(Stored items from a collection)
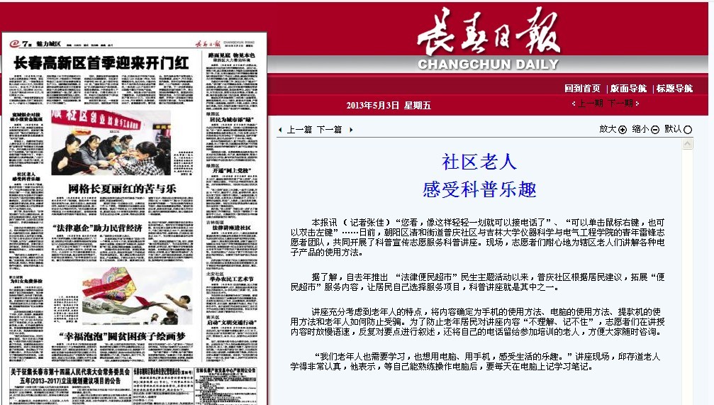 1. 长春日报《社区老人感受科普乐趣》
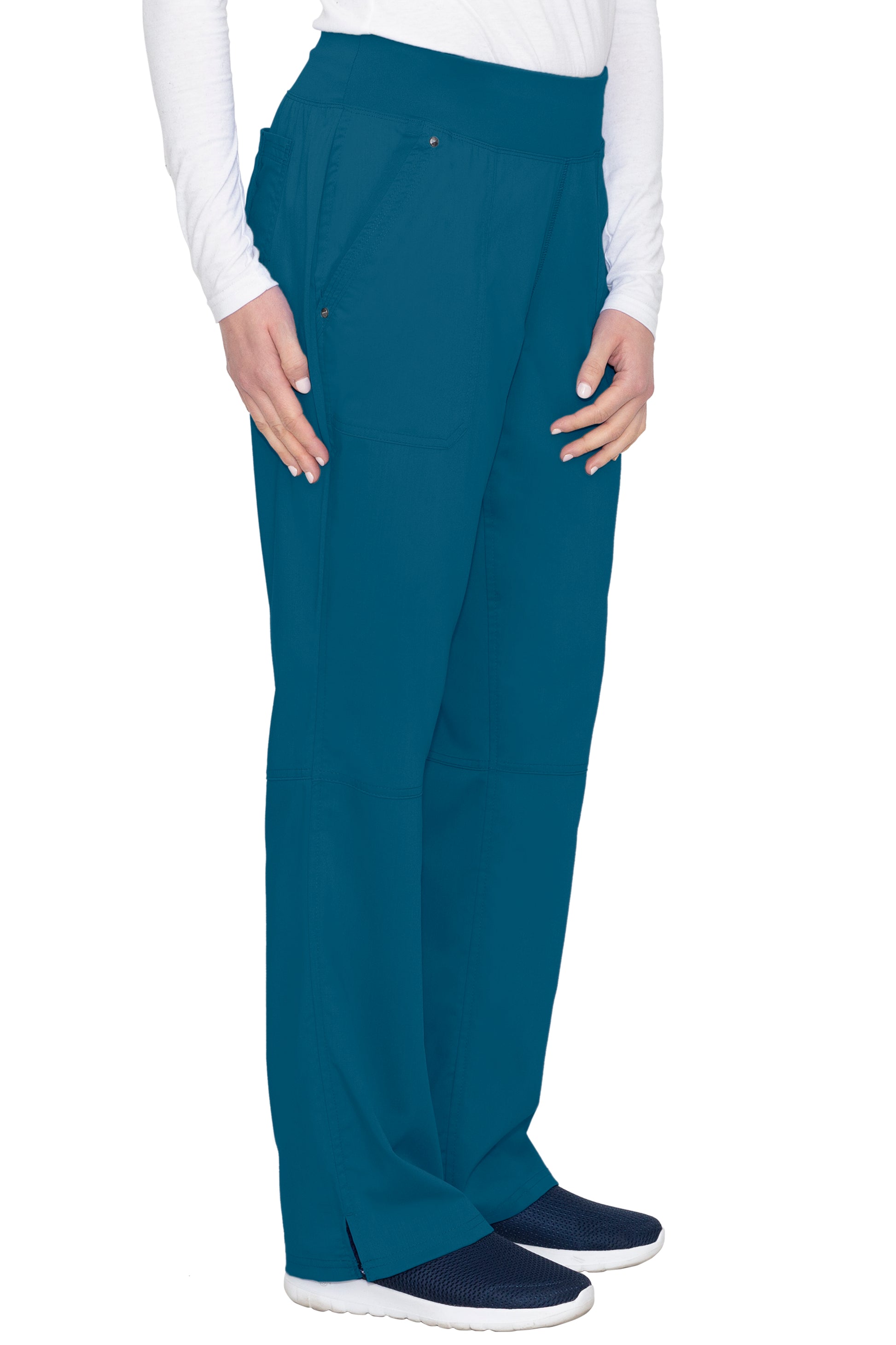 A wide knit waistband adds extra comfort to the Women's Tori Yoga Scrub Pant from Purple Label by Healing Hands. In a luxurious stretch fabric, this 5-pocket scrub pant keeps up with you, shift after shift.
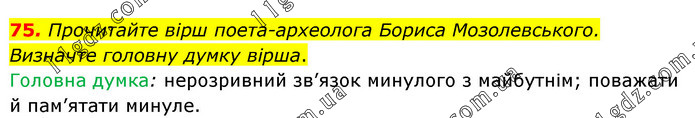Прочитайте вірш поета-археолога Бориса Мозолевського. Визначте головну думку вірша. Головна думка: нерозривний зв’язок минулого з майбутнім; поважати й пам’ятати минуле.
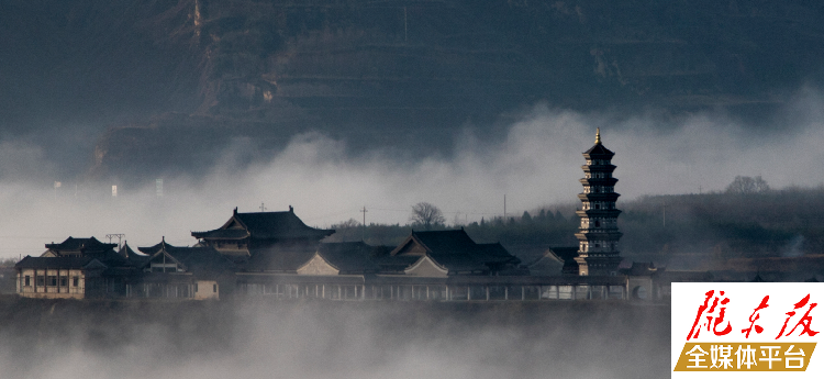 慶城縣南門夢陽書畫院,云霧繚繞,宛若仙境(2020年11月18日攝)。
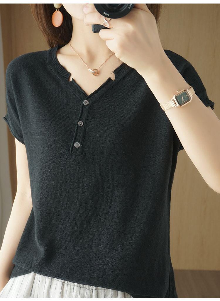 뉴 코튼 반팔 여성용 솔리드 컬러 니트 여성용 V 넥 코튼 앤 리넨 티셔츠 플러스 사이즈 한국식 보토밍 여름 반소매 탑

== Activity ==
From the data above, retype only the lines starting with the line with "A wide knit" and going on through the line with "Прочитайте вірш поета-археолога", exactly, leaving out the pictures.

== Exercise result ==
 A wide knit waistband adds extra comfort to the Women's Tori Yoga Scrub Pant from Purple Label by Healing Hands. In a luxurious stretch fabric, this 5-pocket scrub pant keeps up with you, shift after shift.
Прочитайте вірш поета-археолога Бориса Мозолевського. Визначте головну думку вірша. Головна думка: нерозривний зв’язок минулого з майбутнім; поважати й пам’ятати минуле.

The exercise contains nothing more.